As I've heard it, peter jackson didn't feel the sacrifice and passing of the elves would be well enough portrayed within the movie, so adding the elves at helms deep was a great way to clearly and visually highlight all that the elves were ready to put on the line dispite their time on middle earth already being over, sauron rising to power or not

Munting
28-01-2010, 20:33
as mentioned earlier, one of the themes within lotr is that the elves time is over. The story does involve a great deal of sacrifice by the elves. A prime example is galadriels ring. with the one ring destroyed lothlorien would never survive, yet the elves were ready to sacrifice that for the good of all middle earth.

As I've heard it, peter jackson didn't feel the sacrifice and passing of the elves would be well enough portrayed within the movie, so adding the elves at helms deep was a great way to clearly and visually highlight all that the elves were ready to put on the line dispite their time on middle earth already being over, sauron rising to power or not


This explanation is perfect I think.
Thanks mate (Y)
Yeah the stuff with the goldenwood is, to me, the best part of the books (so far, not finished yet!)

Thanks guys :)

tezdal
29-01-2010, 09:18
Non-canonically, you could say that the Elven General Staff had already set up contingency plans a millenia ago and updated them every century.

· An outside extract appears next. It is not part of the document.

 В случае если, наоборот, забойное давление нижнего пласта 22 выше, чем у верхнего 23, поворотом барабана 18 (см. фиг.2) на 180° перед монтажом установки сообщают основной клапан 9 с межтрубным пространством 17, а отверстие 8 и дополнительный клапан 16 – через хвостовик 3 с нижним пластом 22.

LOL the elven general staff? In my head I see Elrond in a spiked helmet and prussian uniform drawing up the plans to circle around Minas Trinth.

Thorin Hubertson
29-01-2010, 17:29
LOL the elven general staff? In my head I see Elrond in a spiked helmet and prussian uniform drawing up the plans to circle around Minas Trinth.

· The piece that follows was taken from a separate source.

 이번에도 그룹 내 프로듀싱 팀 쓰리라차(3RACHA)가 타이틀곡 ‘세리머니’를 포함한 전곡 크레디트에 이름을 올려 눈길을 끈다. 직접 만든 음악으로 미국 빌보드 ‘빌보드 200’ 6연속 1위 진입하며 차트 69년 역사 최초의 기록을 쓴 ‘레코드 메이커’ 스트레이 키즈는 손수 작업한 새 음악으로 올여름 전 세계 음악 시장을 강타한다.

Why not, after having defeated the Frenc... oh, excuse me the Sauronic Empire the Germ... oh, excuse me the Elvish Empire is founded and some centuries later tries to conquer all of middle earth, but is defeated by an alliance of dwarves and Moria-goblins :D

Dragon Prince of Caledor
30-01-2010, 19:03
I thought the addition of the scene was cool but impractical. As they tell the story the Galadriel/Elrond communication happens during the march on Helm's Deep. That and the fighting sequences were simply insulting to the Elvish fighting abilities. They may have been fragile but should have fought like dexterous ninjas :P
Peace peeps :)

Suicide Messiah
07-02-2010, 20:23
They may have been fragile but should have fought like dexterous ninjas

I fear japan has lied to you. Ninjas wouldnt have lasted ten seconds and samurai swords cant cut through concrete. :p

R-Love
08-02-2010, 02:07
I fear japan has lied to you. Ninjas wouldnt have lasted ten seconds and samurai swords cant cut through concrete. :p

WHAT!?:eek: How could they do this to me? I TRUSTED them!




:D

Dragon Prince of Caledor
16-02-2010, 18:07
lol but seriously one of the only problems I have with the movies is that they portray all good rank and file troops as if they are fighting whilst on a heavy dose of some kind of narcotic. The only guys they give any credit to are the named heroes and I say balls to this :P

Verm1s
18-02-2010, 10:52
it seems a pointless thing to add to the films...

Good lad. :)


I didn't like Gimli being the "funny little guy".

Particularly when there were four "funnier littler guys" for that kind of thing.

Imagine thirteen like that. Help us Guillermo Del Toro, you're our only hope.


peter jackson didn't feel the sacrifice and passing of the elves would be well enough portrayed within the movie

Peter Jackson didn't feel the creeping, unknown fear of the Watcher in the Water would be well enough portrayed without it popping out of the lake and going "Blaaaarghgnashgnashgnash" in the Fellowship's faces; or that a giant rampaging ape would be well enough portrayed without some romantic ice-skating. With the ape.
My opinion's that LotR and King Kong did so well because they were already hugely popular and iconic, and Weta carried them the rest of the way. Before those, the best PJ did was some over-the-top low-budget zombie flicks that four people outside Australasia have heard of, and The Frighteners. :rolleyes: The man couldn't direct traffic. He has no idea that sometimes subtlety and understatement might work better than excess.

The Marshel
18-02-2010, 11:35
peter jackon bash etc

did i say it was a good idea, did i say i agreed with it, did i say it improved lotr or took away from it?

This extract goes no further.